- Born: 12 January 1914 Tunis, Tunisia
- Died: 14 May 1984 (aged 70) Modena, Italy
- Education: Scuola Normale Superiore
- Awards: Michel prize of the Scuola Normale Superiore (1937); Merlani prize of the Accademia delle Scienze dell'Istituto di Bologna (1940); Golden medal "Benemeriti della Scuola, della Cultura, dell'Arte" (awarded by the President of the Italian Republic) (1976);
- Scientific career
- Fields: Calculus of variations; Ordinary differential equations; Real analysis;
- Workplaces: Università di Palermo; Università di Modena;
- Doctoral advisor: Leonida Tonelli
- Other academic advisors: Marston Morse
- Doctoral students: Calogero Vinti

= Emilio Baiada =

Italian mathematician (1914–1984)

Emilio Baiada (also known as Emilio Bajada); (12 January 1914 – 14 May 1984) was an Italian mathematician, working in mathematical analysis and the calculus of variation.

==Education and career==
Baiada was born on 12 January 1914 in Tunis. He studied at the Scuola Normale Superiore in Pisa, where he graduated with highest honors in June 1937 along with Leonida Tonelli, with whom he worked as an assistant from 1938 to 1941, when he left for the war. In 1945 he began to teach analysis, theory of functions, calculus and rational mechanics at the Scuola Normale.
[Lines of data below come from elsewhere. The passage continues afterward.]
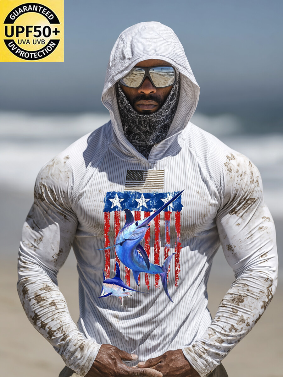 Men's Raglan Sleeve Finger Gloves Face Mask Swordfish Flag Print Sun Protection Hoodie$34.98 USD$43.75 USD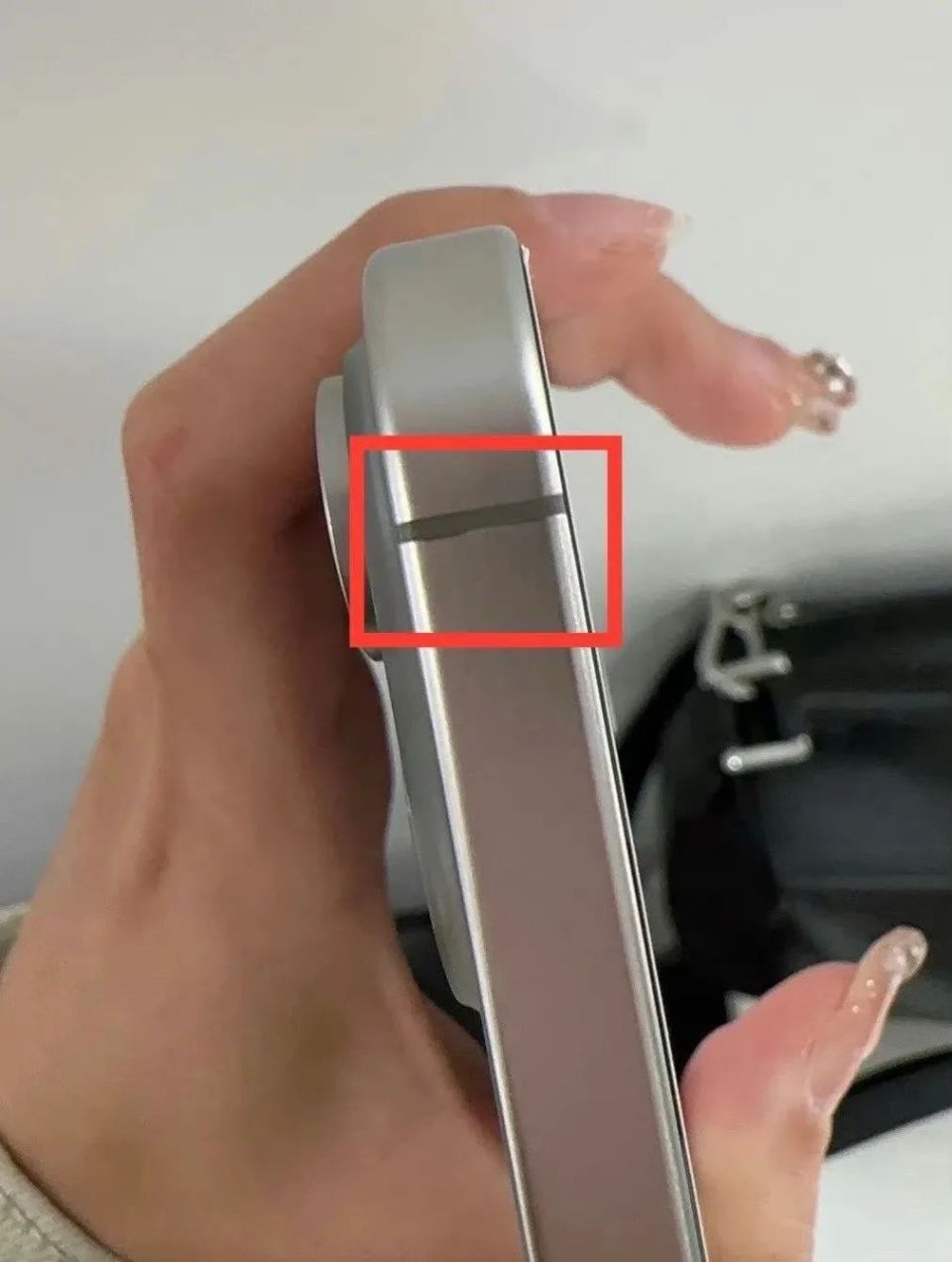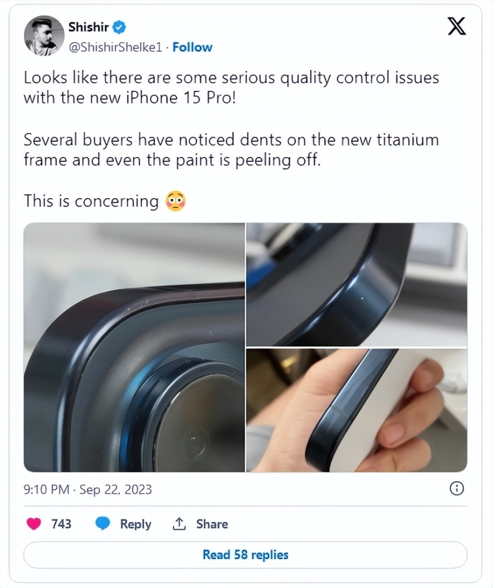 該博主表示:iPhone 15 Pro 存在壹些嚴重的質量控制問題!新鈦合金中框上有凹痕,甚至油漆脫落的現象。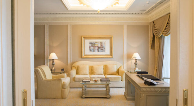 В отеле для гостей предусмотрено боле 140 номеров и около 40 роскошных люксов. Все апартаменты оснащены высокоскоростной связью и электронными системами управления климатом в комнате. Особый комфорт создает современная мягкая и корпусная мебель, звукоизоляция, возможность смотреть спутниковые телеканалы.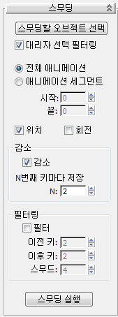 기본적으로 스무딩은 키를 줄여 작동합니다. 옵션으로, 기존 애니메이션 키를 필터링(평균화)하여 더 점진적으로 변경되고 모션이 더 자연스러워지도록 할 수도 있습니다.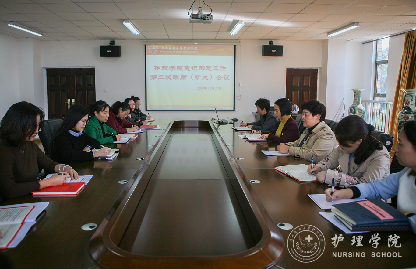11月15日,YABO鸭脖2019年第二次意识形态工作联席(扩大)会议在南校区百川楼5楼会议室召开。院领导班子成员,副科级以上干部,全体辅导员、班主任,部分教师代表参加了会议。本次会议特邀马克思主义学院专职教师禹辉映参加并做交流发言。会议由院党委书记杨英主持。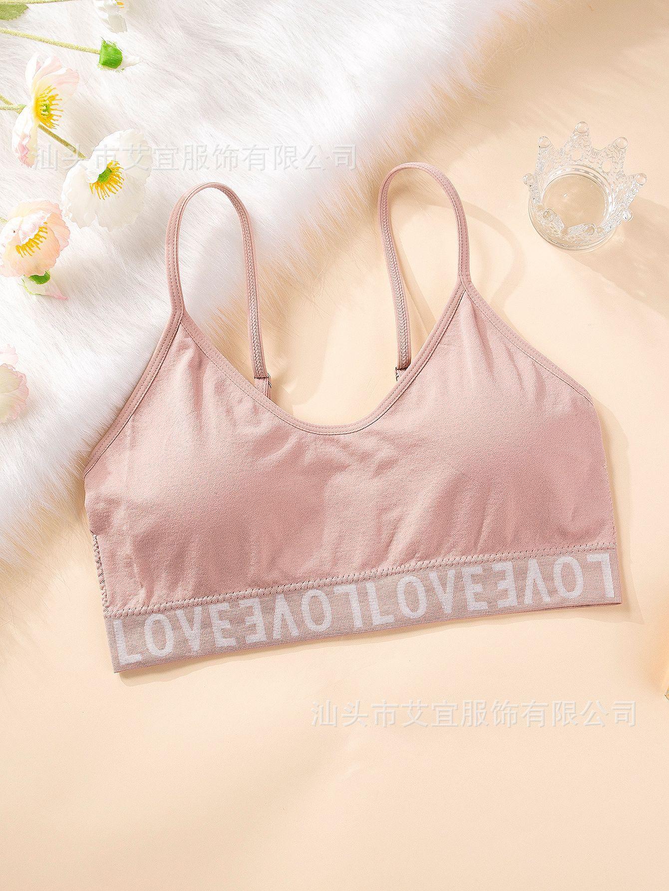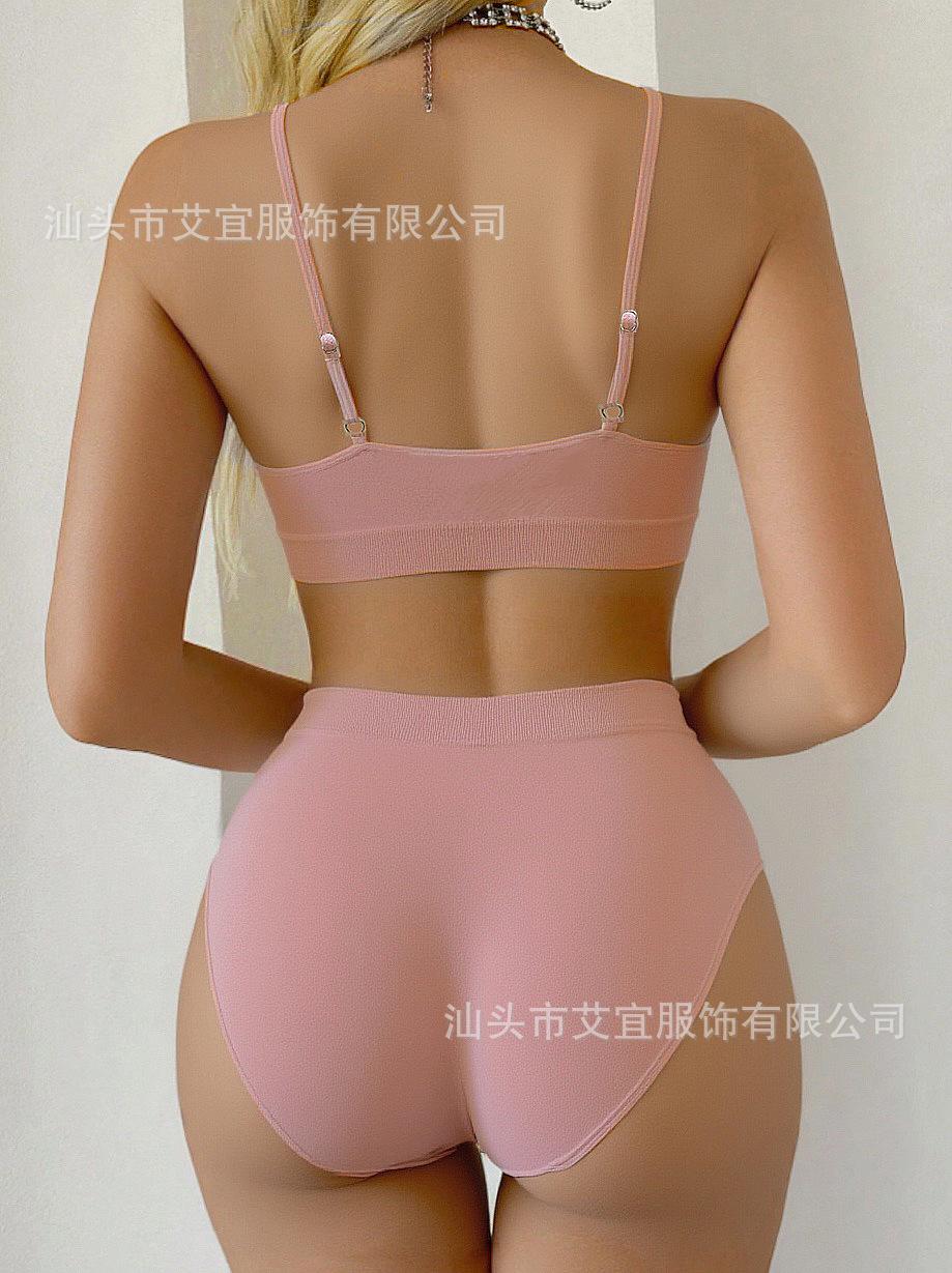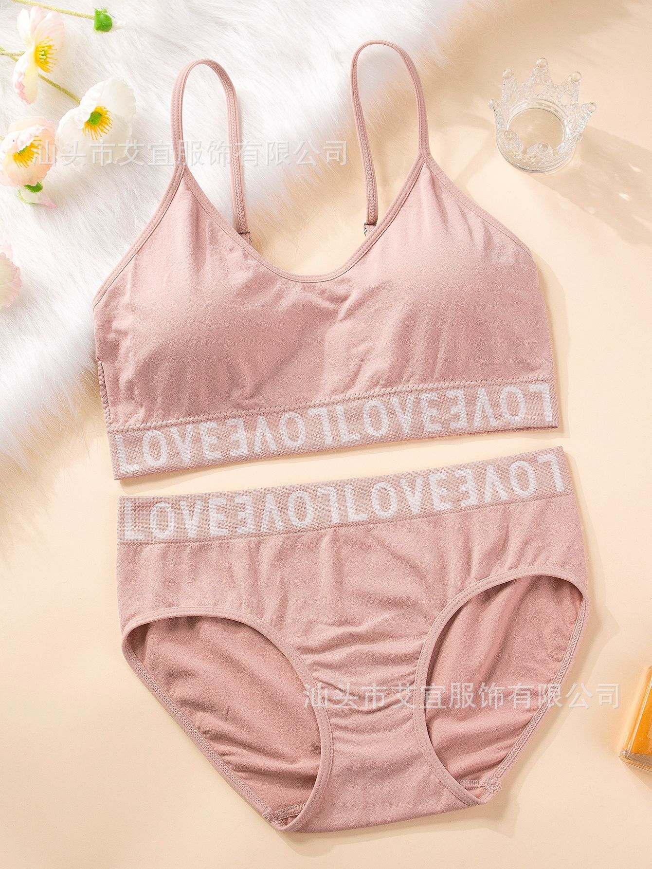 Conjunto de Ropa Interior Deportiva sin Costuras de Letras de Venta Caliente Transfronterizo Europeo y Americano Capa Base Cómodo Transpirable con Almohadillas en el Pecho Sostén Bragas Mujer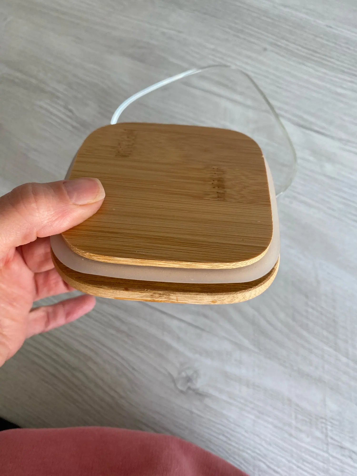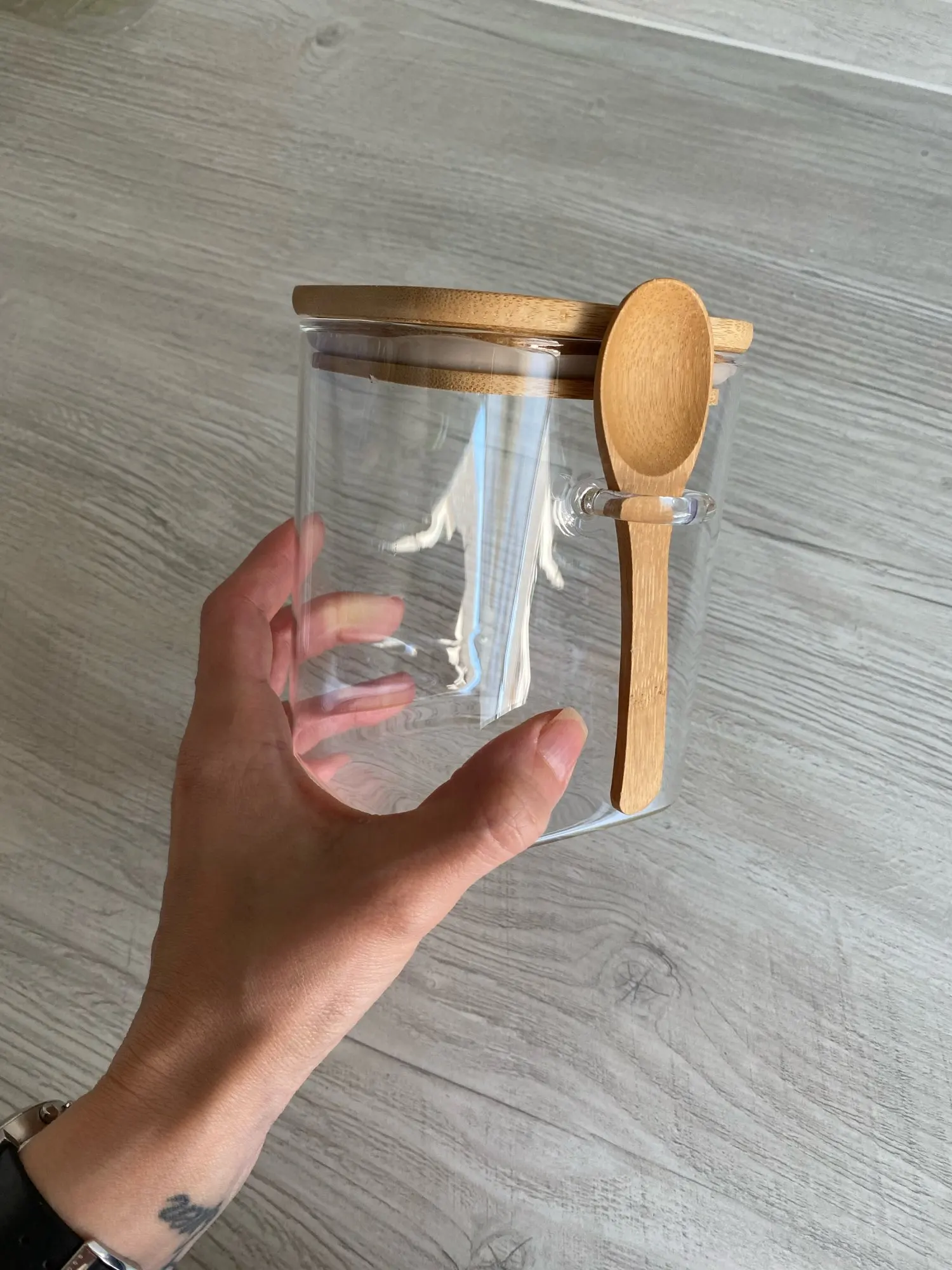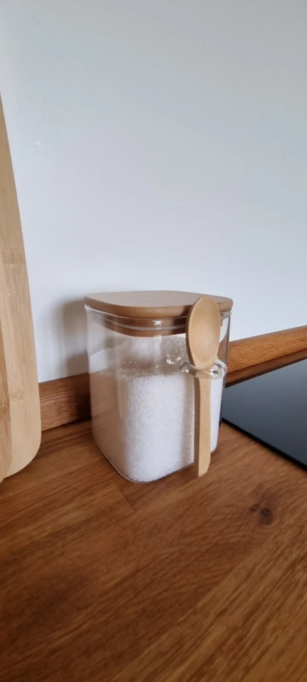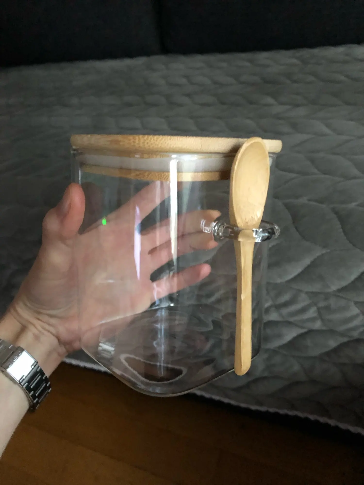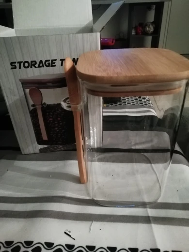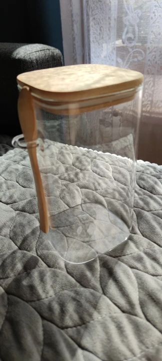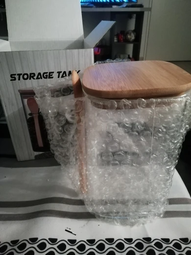 The item arrived in perfect condition, wrapped in thick bubble foil. The glass feels a little fragile, but it is the price for lightness. Anyway, one should always handle glassware with care and this one is no exception. According to my own measurement, the jar has a total volume of 1600 ml instead of 1200 ml, so the advertised volume should be understood rather as usable or practical volume. Measured outer dimensions are 10 x 10 x 18 cm (18,7 cm with bamboo lid). Recommended.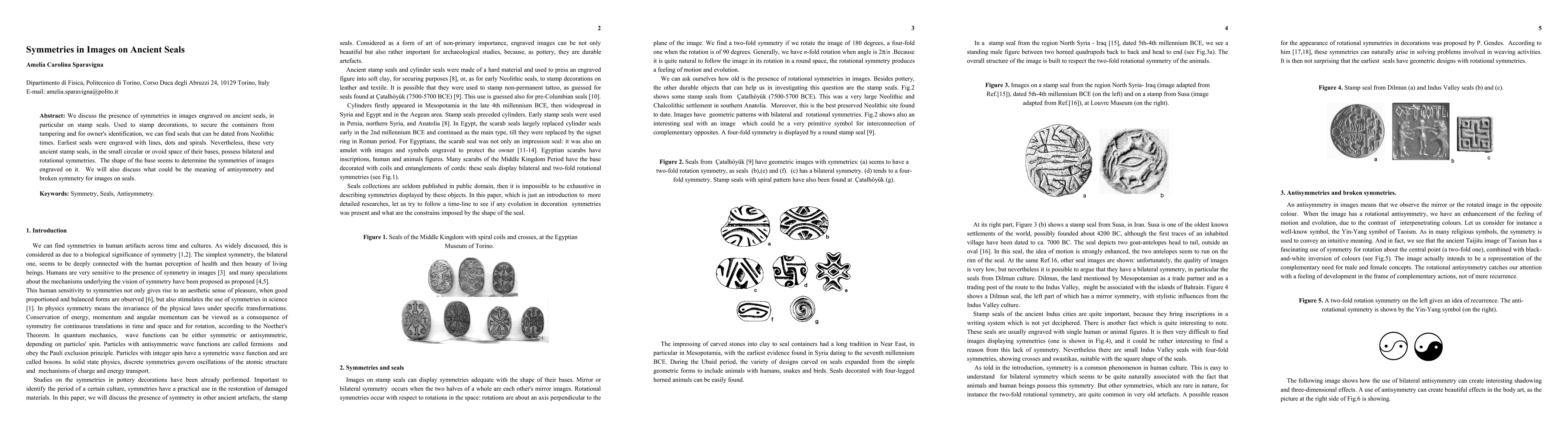 This paper explores the presence of bilateral and rotational symmetries in images engraved on ancient stamp seals, dating back to Neolithic times, and examines how the shape of the seal's base influences the symmetry of the designs. The study also delves into the potential meanings behind antisymmetry and broken symmetry in these engravings.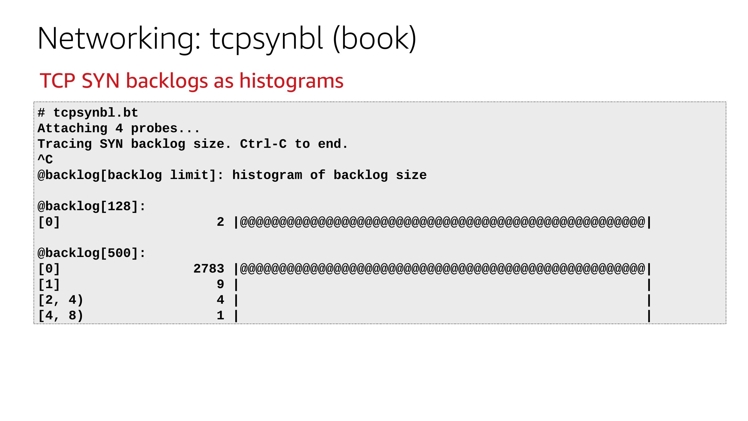 Networking: tcpsynbl (book) TCP SYN backlogs as histograms # tcpsynbl.bt Attaching 4 probes... Tracing SYN backlog size. Ctrl-C to end. @backlog[backlog limit]: histogram of backlog size @backlog[128]: [0] 2 |@@@@@@@@@@@@@@@@@@@@@@@@@@@@@@@@@@@@@@@@@@@@@@@@@@@@| @backlog[500]: [0] [1] [2, 4) [4, 8) 2783 |@@@@@@@@@@@@@@@@@@@@@@@@@@@@@@@@@@@@@@@@@@@@@@@@@@@@| 9 | 4 | 1 |slide 38: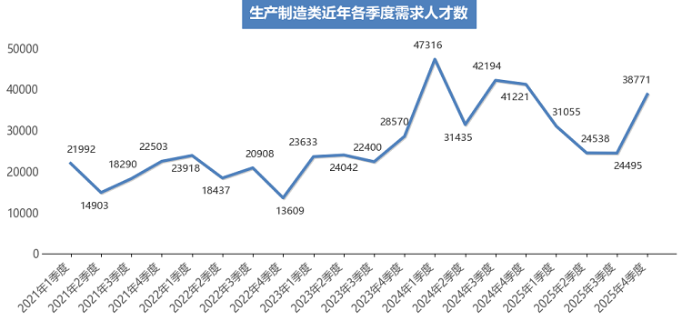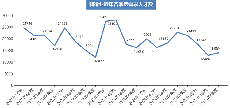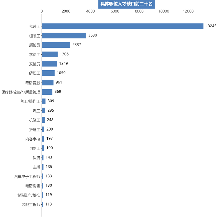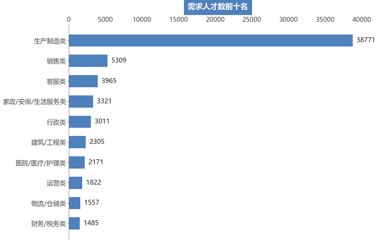在24个主要行业类别中,有近半数行业类别的人才需求相较于上年同期出现不同程度的下滑。其中,需求减少主要集中在制造业中,需求人才数为14034人,比上年同期减少8747人,同比下滑38.40%,是本季度人才需求量同比减少最多的行业类别。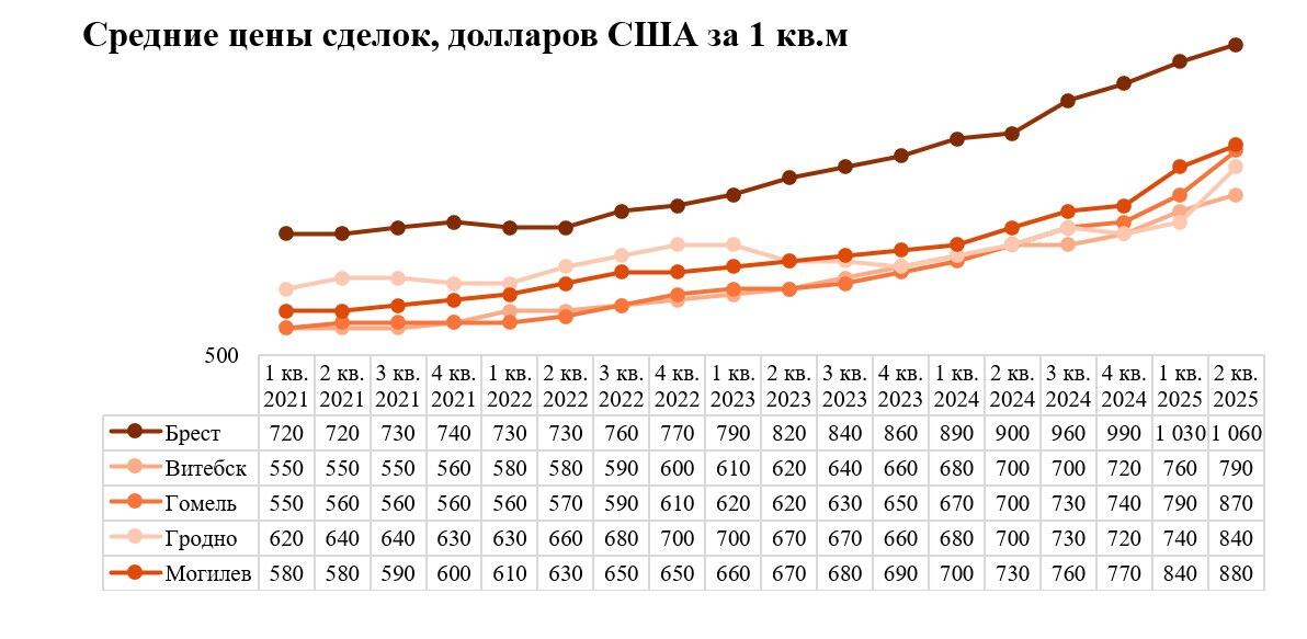 Среди областных центров ситуация оказалась неоднозначной. Только Брест показал рост количества сделок (+57), тогда как в других городах зафиксировано снижение, особенно заметное в Гродно (-409 сделок).
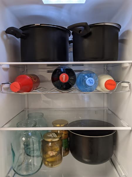 Если надо поставить в холодильник классическую трехлитровую банку с солеными огурцами или стандартный четырехлитровый контейнер из Икеи с капустой, потребуется снять полку для бутылок.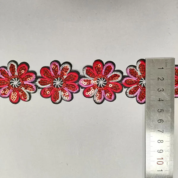スパンコールの衣類アクセサリーバック接着剤でトリミングするレースは、スパンコール、レース、粘着性の接着剤の裏地を特徴とする装飾トリムの一種です。これにより、縫製を必要とせずに衣類、アクセサリー、またはその他のプロジェクトに簡単に取り付けることができます。スパンコールの衣料品アクセサリーが工場からバック接着剤をトリミングすることを安心させることができます。
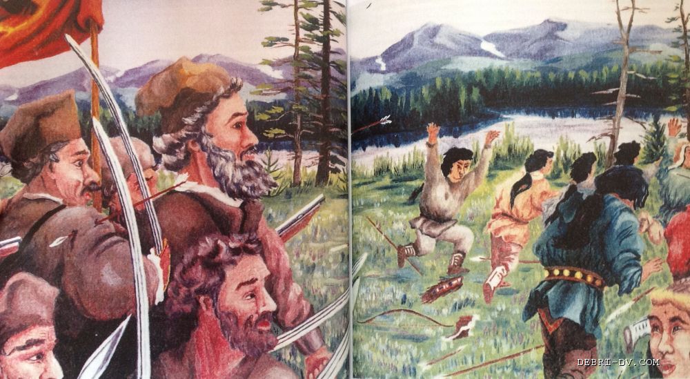 | Первопроходец Иван Москвитин с казаками прогоняет эвенов. Рис. А. Овчинникова./ Нажмите, чтобы УВЕЛИЧИТЬ |

In 1948 he obtained a degree in Analysis; his Ph.D. thesis was written under the direction of Tonelli and Marston Morse.

In 1949 he went on leave from the University of Pisa and moved first to the University of Cincinnati, where he worked with scientists like Otto Szász and Charles Napoleon Moore, and then to Princeton University, where he worked with Morse.
In 1952 he obtained the chair of analysis of the University of Palermo, where he taught until 1961 before transferring to the University of Modena. where he re-launched the Institute of Mathematics and developed its Library and Mathematical Seminar.

==Work==

===Institutional work===
Baiada was one of the leading forces behind the reprise in mathematical studies in Modena in the postwar period. Teaching mathematical analysis in Modena from 1961, he was director of the Institute of Mathematics of the university from the academic year 1962–63 to the 1966—67: he promoted its 1966 dedication to Giuseppe Vitali, and was also behind the construction of the then new building for the department, which opened officially during the 1974–75 academic year. Moreover, he held the direction of the direction of the Atti del Seminario Matematico e Fisico dell'Università di Modena from 1977 up to 1983.

===Research activity===
He published more than 60 papers on differential equations, Fourier series, series expansion of orthonormal functions, topology of varieties, real analysis, calculus of variations and on the theory of functions.

===Teaching activity===
In 1961 he went from Palermo to Modena, teaching several mathematical analysis courses up to the year of his death. Vinti (2007) gives a complete list of Emilio Baiada's doctoral students.

==Honors==
Baiada won the Michel prize for the best thesis in Pisa, and the 1940 Merlani prize of the Accademia delle Scienze dell'Istituto di Bologna for "contributions on subjects of calculus of variations". During his stay in Palermo, from 1952 to 1961, he was elected corresponding member of the Accademia Nazionale di Scienze, Lettere e Arti di Palermo. In 1967 he was elected corresponding member of the Accademia di Scienze, Lettere e Arti di Modena. On 9 June 1976, he was awarded the Golden medal "Benemeriti della Scuola, della Cultura, dell'Arte" by the President of the Italian Republic.

==Selected publications==
- Baiada, Emilio (1939). "Osservazioni sulla misurabilita secondo Caratheodory.".
- Baiada, Emilio (1951). "L'area delle superficie armoniche quale funzione delle rappresentazioni del contorno".
- Morse, Marston (1953). "Homotopy and homology related to the Schoenflies problem".